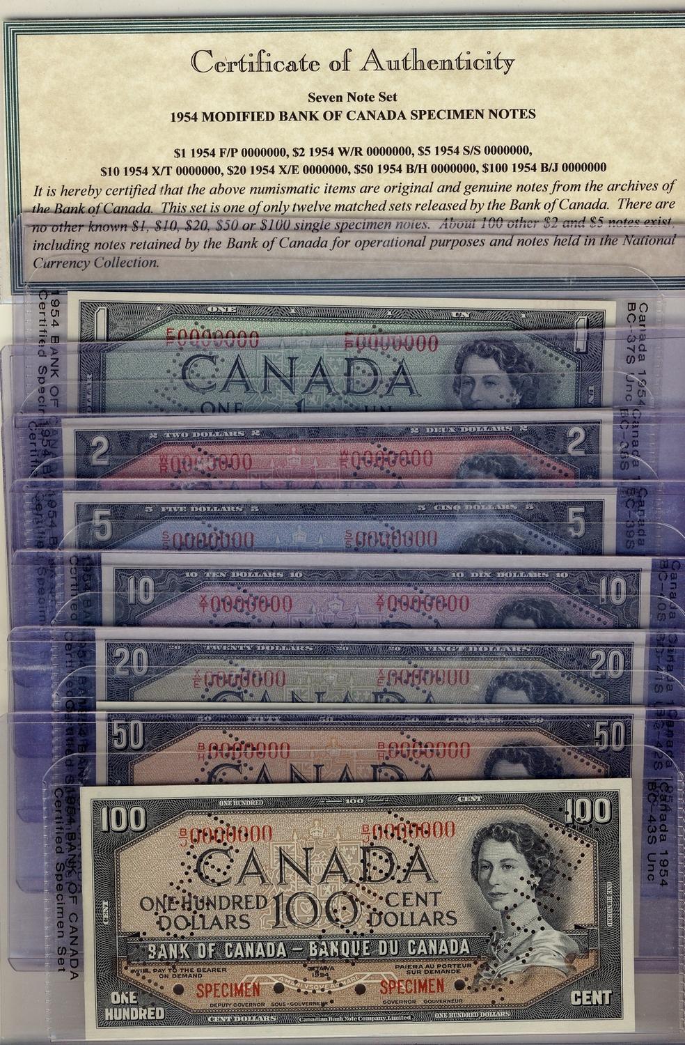 1954 Specimen set from the $1-$100, all notes are choice. (BC-37s, BC-38s, BC-39s, BC-40s, BC-41s, BC42s, BC-43s) Believed to be only 7 complete sets in existence. Underrated and rarer than the 1937 Specimen set.
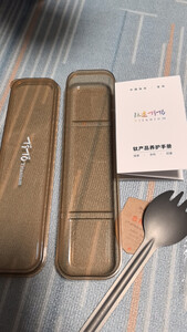 纯钛的筷子和勺子的套装,是空心的,很轻便,用起来不会有压手感,很轻巧。还送了一个塑料的餐具盒子,可以把筷子和勺子一起装起来,非常方便携带,很方便,有盒子餐具就不用放在外面,很好。
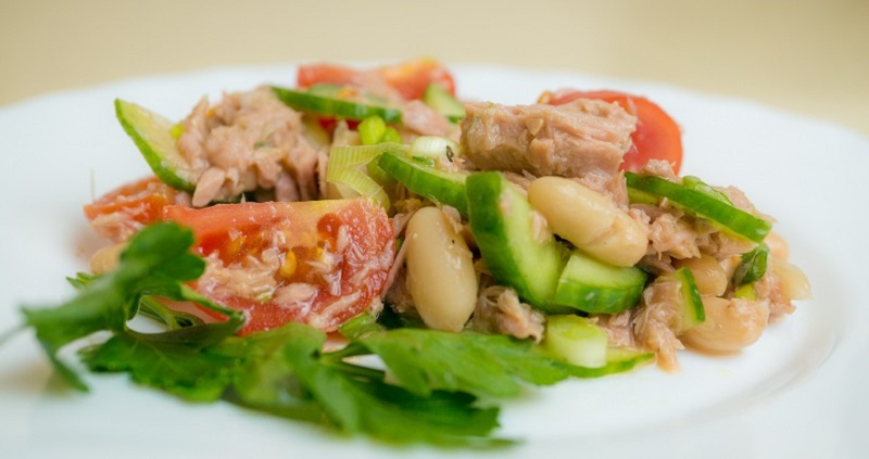 Warzywa umyj, pokrój w kostkę. Tuńczyka i fasolkę odcedź z zalewy. Rybę rozdrobnij widelcem w głębokiej misce, dodaj pozostałe składniki. Całość dopraw oliwa z oliwek, sokiem z cytryny i przyprawami.
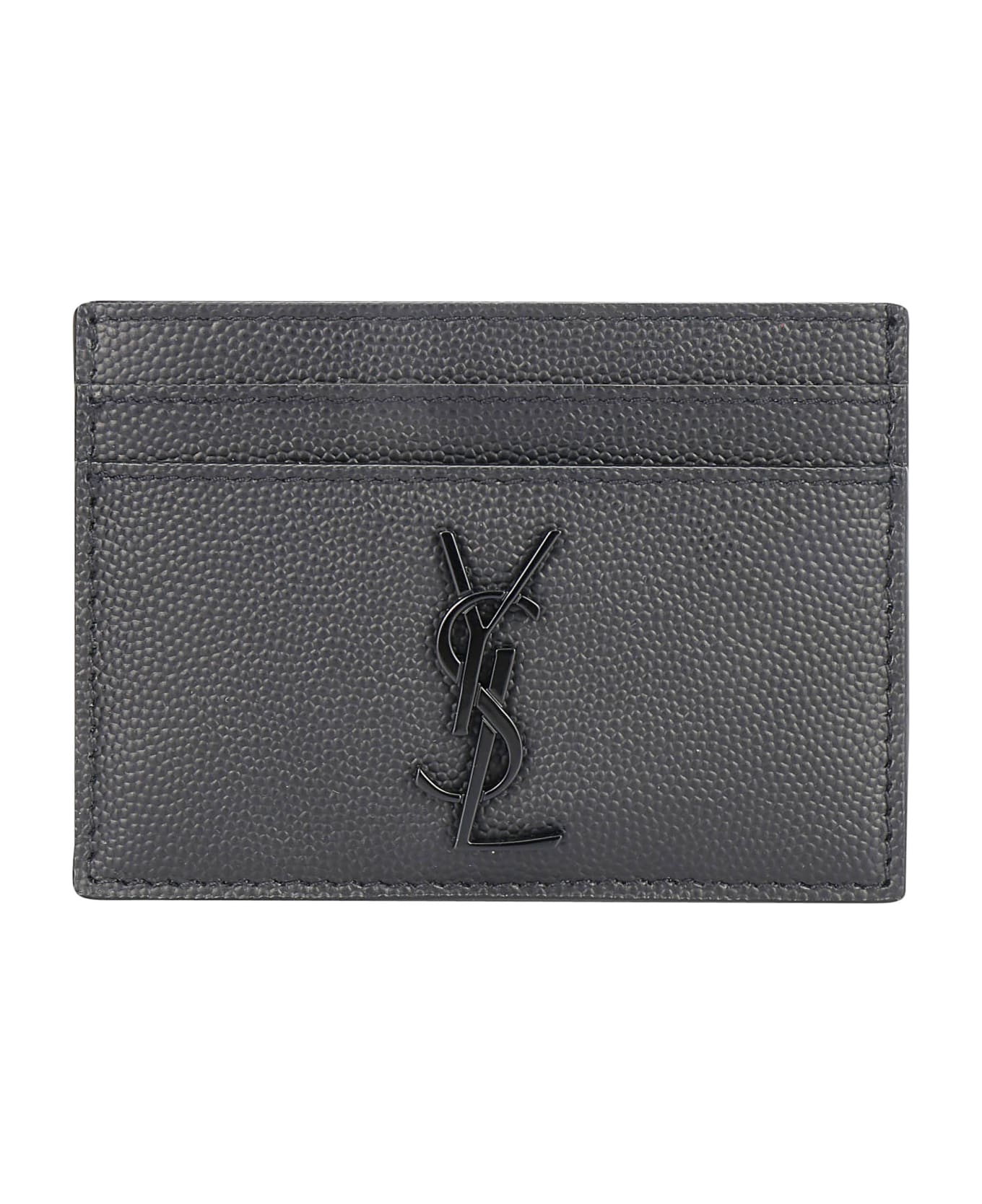 Black calfskin card holder by saint laurent, card slot on both sides, black embossed logo on front. Composition: 100% % Calf Leather Bos Taurus
+++++
» **Problem to solve**:
Go from the first line of the listing to the line holding "Warzywa umyj, pokrój" and, please, transcribe those lines exactly, both included, with no pictures.

» **Written solution**:
 1954 Specimen set from the $1-$100, all notes are choice. (BC-37s, BC-38s, BC-39s, BC-40s, BC-41s, BC42s, BC-43s) Believed to be only 7 complete sets in existence. Underrated and rarer than the 1937 Specimen set.
 纯钛的筷子和勺子的套装,是空心的,很轻便,用起来不会有压手感,很轻巧。还送了一个塑料的餐具盒子,可以把筷子和勺子一起装起来,非常方便携带,很方便,有盒子餐具就不用放在外面,很好。
 Warzywa umyj, pokrój w kostkę. Tuńczyka i fasolkę odcedź z zalewy. Rybę rozdrobnij widelcem w głębokiej misce, dodaj pozostałe składniki. Całość dopraw oliwa z oliwek, sokiem z cytryny i przyprawami.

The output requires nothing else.